5 – Dave Matthews Band, Berlin, 17. Februar
Bleiben wir gleich im Tempodrom, selber Abend, eine Stunde später: DMB mit einem derart beseelten, detailversessenen Set, dass der Unterschied zum Vorabend (siehe Platz 10) kaum hätte größer sein können. Ich stand mit offenem Mund im Zuschauerraum und ließ es einfach geschehen. Und als dann am Ende in einem epischen 12-Minuten-„So Damn Lucky“ auch noch „Thank You (Falletin Me Be Mice Elf Agin)“ eingebaut wurde, war ich mir mal wieder sicher, dass DMB die so ziemlich beste Band der Welt sein muss.
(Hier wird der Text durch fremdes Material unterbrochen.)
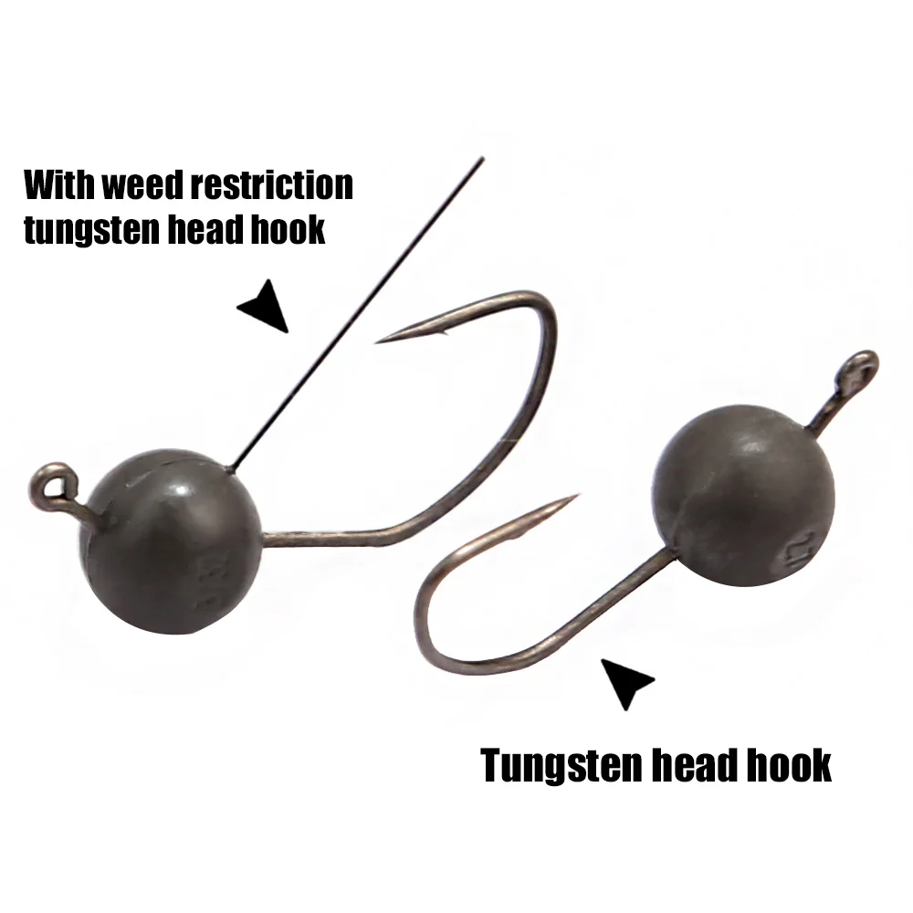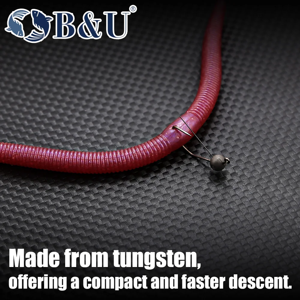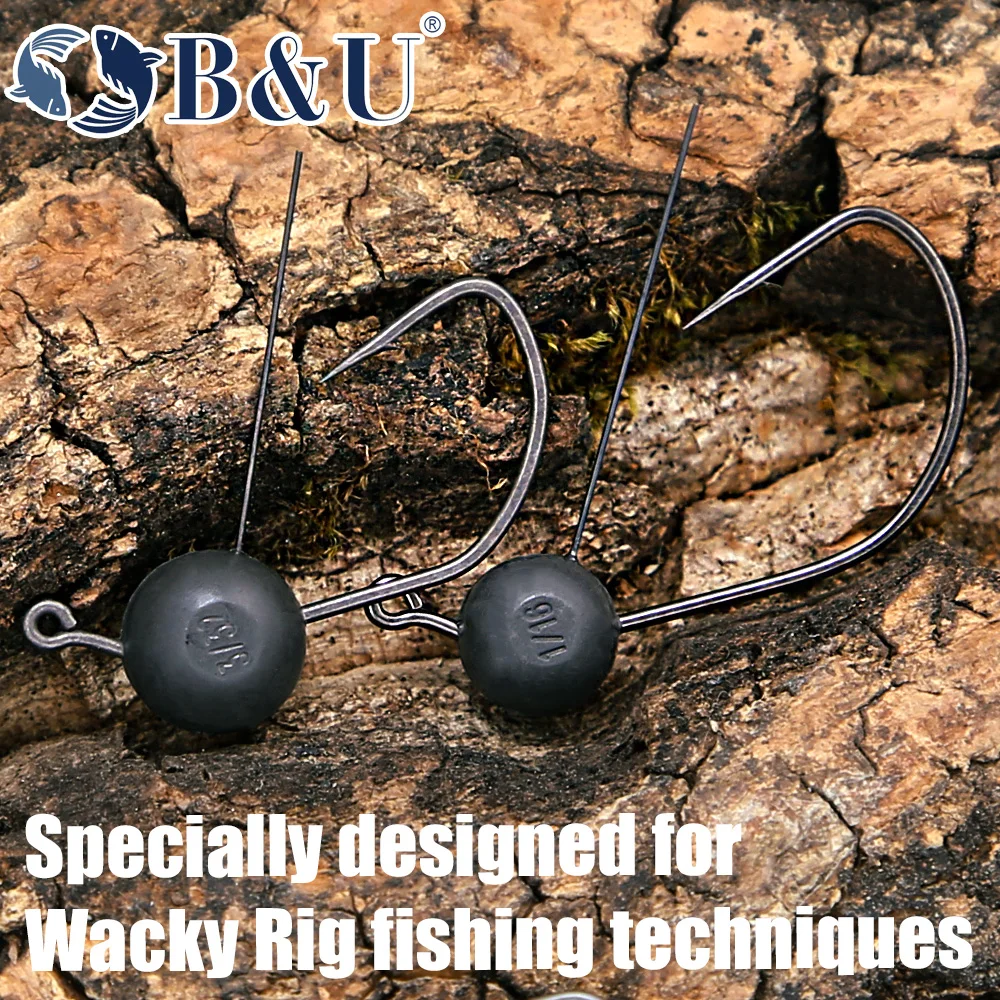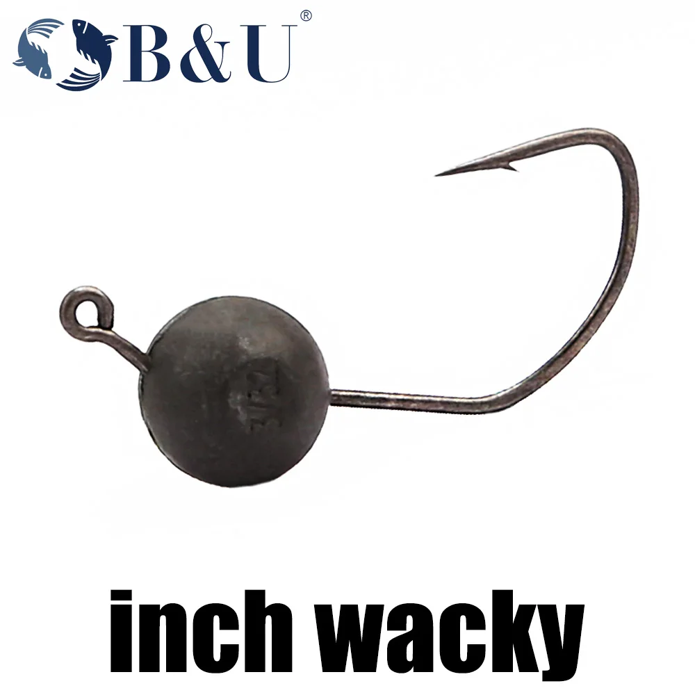 B & U-anzuelo de pesca loco de tungsteno pulgadas, anzuelo con cabeza de anzuelo sin malezas para cebo de señuelo suave de gusano, anzuelos de pesca de jigging con manivela de cabeza redonda

4 – Selig, Leipzig, 17. Dezember
Warum auch immer das Haus Auensee derart mittelprächig gefüllt war – Band und Publikum ließen sich durch die spärlich gefüllten Reihen nicht runterziehen. Im Gegenteil: inzwischen hab ich ja nun schon so einige Selig-Auftritte sehen dürfen. Aber die diesjährige Show war wirklich besonders und zeigte eine vor Spielfreude und Euphorie kaum zu bändigende Band. Still Selig after all these years…

3 – Fettes Brot, Leipzig, 1. Dezember
Mehr als einen halbwegs coolen Abend hab ich gar nicht erwartet, als ich zum Fettes-Brot-Konzert eingeladen wurde. Dass mir das Konzert derart großen Spaß machen würde, hätte ich nie gedacht. Die Brote verfügen über eine erstklassige Band und sind tatsächlich echte Entertainer. Zwei kurzweilige, schweißtreibende Stunden, die ich nicht missen möchte. Im Gegenteil: zu Fettes Brot würde ich jederzeit wieder gehen.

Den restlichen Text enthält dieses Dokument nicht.